*** Opening RECORD EXTRACTS ***
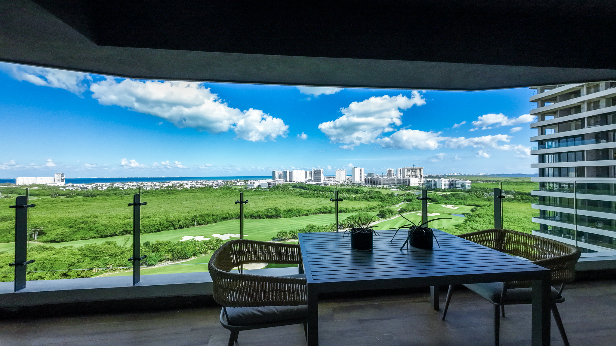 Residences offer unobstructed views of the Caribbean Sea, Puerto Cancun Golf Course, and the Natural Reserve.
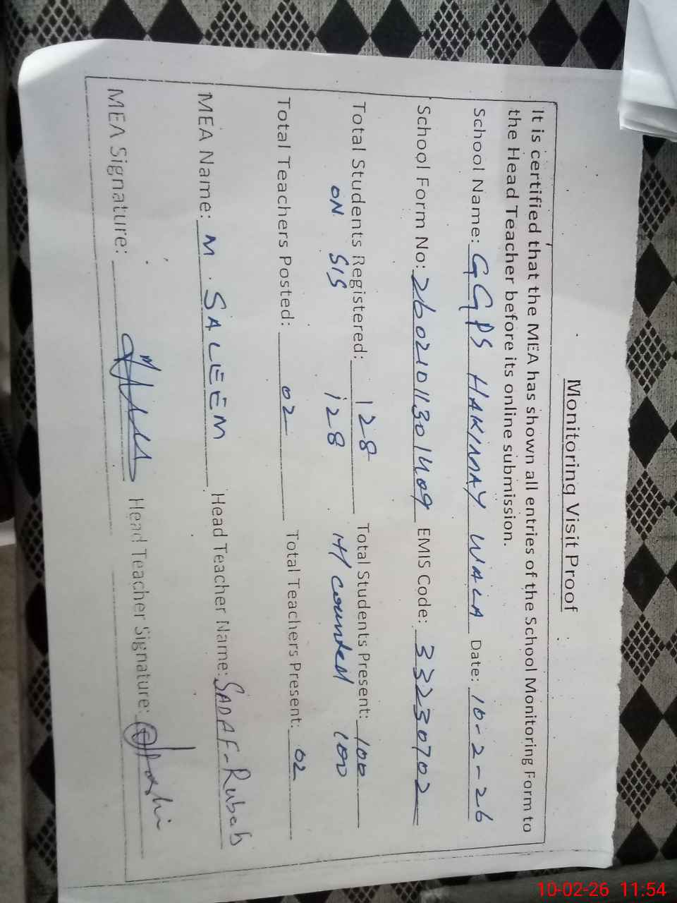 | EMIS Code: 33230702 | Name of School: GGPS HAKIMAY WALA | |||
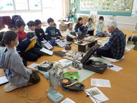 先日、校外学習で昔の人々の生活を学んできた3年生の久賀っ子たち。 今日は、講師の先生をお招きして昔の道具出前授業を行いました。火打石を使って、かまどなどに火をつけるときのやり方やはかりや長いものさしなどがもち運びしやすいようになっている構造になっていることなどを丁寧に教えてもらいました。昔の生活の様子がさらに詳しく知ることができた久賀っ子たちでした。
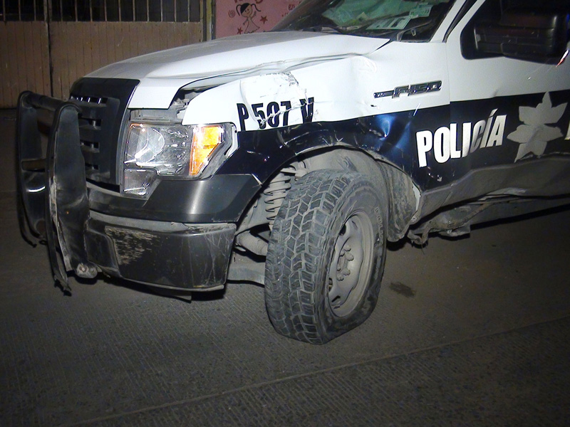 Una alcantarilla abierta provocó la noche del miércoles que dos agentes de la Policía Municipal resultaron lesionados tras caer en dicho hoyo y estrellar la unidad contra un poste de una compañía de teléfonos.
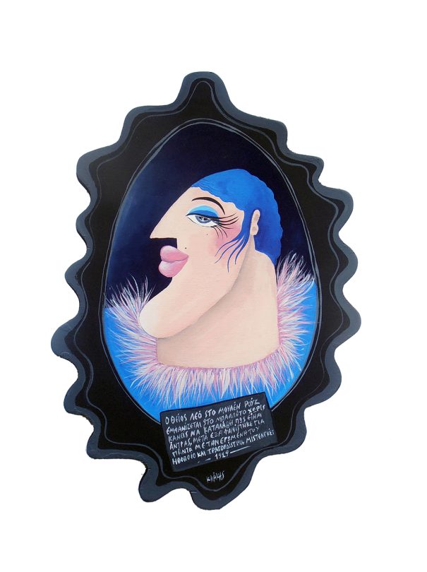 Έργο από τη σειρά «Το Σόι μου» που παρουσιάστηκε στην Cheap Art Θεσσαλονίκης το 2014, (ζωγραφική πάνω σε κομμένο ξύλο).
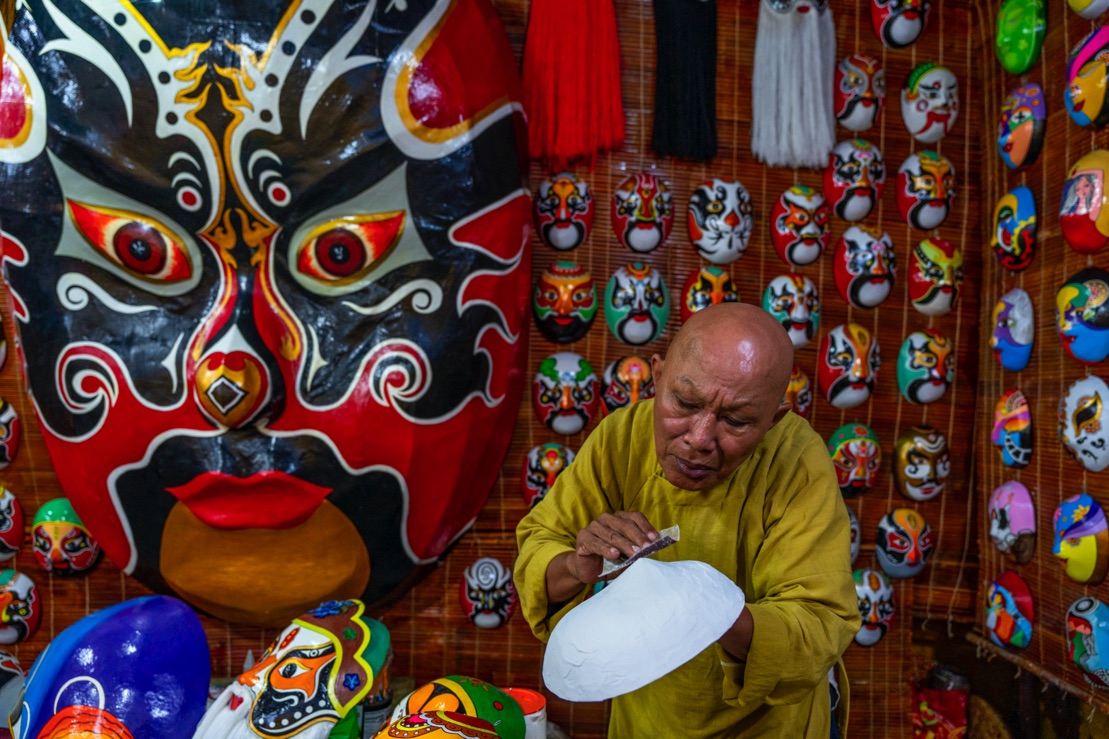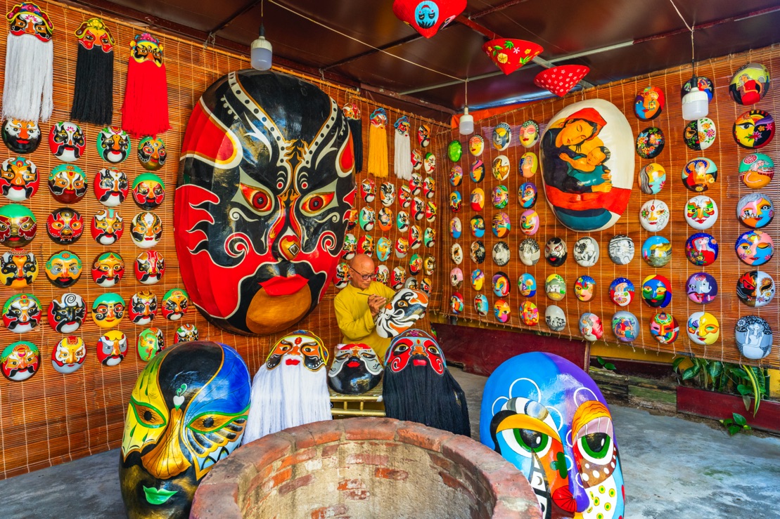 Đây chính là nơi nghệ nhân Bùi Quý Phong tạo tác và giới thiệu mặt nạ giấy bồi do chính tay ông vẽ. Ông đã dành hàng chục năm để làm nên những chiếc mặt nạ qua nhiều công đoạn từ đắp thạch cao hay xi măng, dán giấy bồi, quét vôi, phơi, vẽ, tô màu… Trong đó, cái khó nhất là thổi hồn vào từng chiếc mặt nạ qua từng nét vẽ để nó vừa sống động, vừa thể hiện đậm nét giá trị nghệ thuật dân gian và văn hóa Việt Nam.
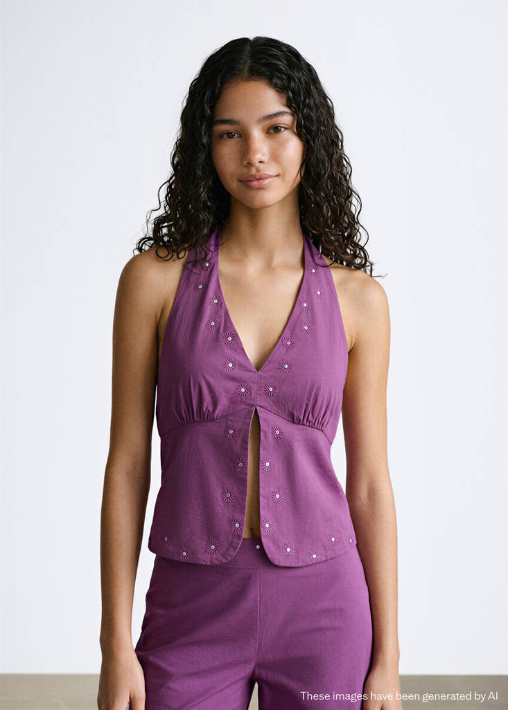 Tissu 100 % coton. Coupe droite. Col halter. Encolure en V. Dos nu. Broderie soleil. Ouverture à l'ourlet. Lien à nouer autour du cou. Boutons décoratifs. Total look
*** Closing RECORD EXTRACTS ***
The lines running from the beginning of the listing above through the line that holds "HAKIMAY WALA | |||" are to be duplicated exactly, both ends kept, pictures omitted.

 Residences offer unobstructed views of the Caribbean Sea, Puerto Cancun Golf Course, and the Natural Reserve.
 | EMIS Code: 33230702 | Name of School: GGPS HAKIMAY WALA | |||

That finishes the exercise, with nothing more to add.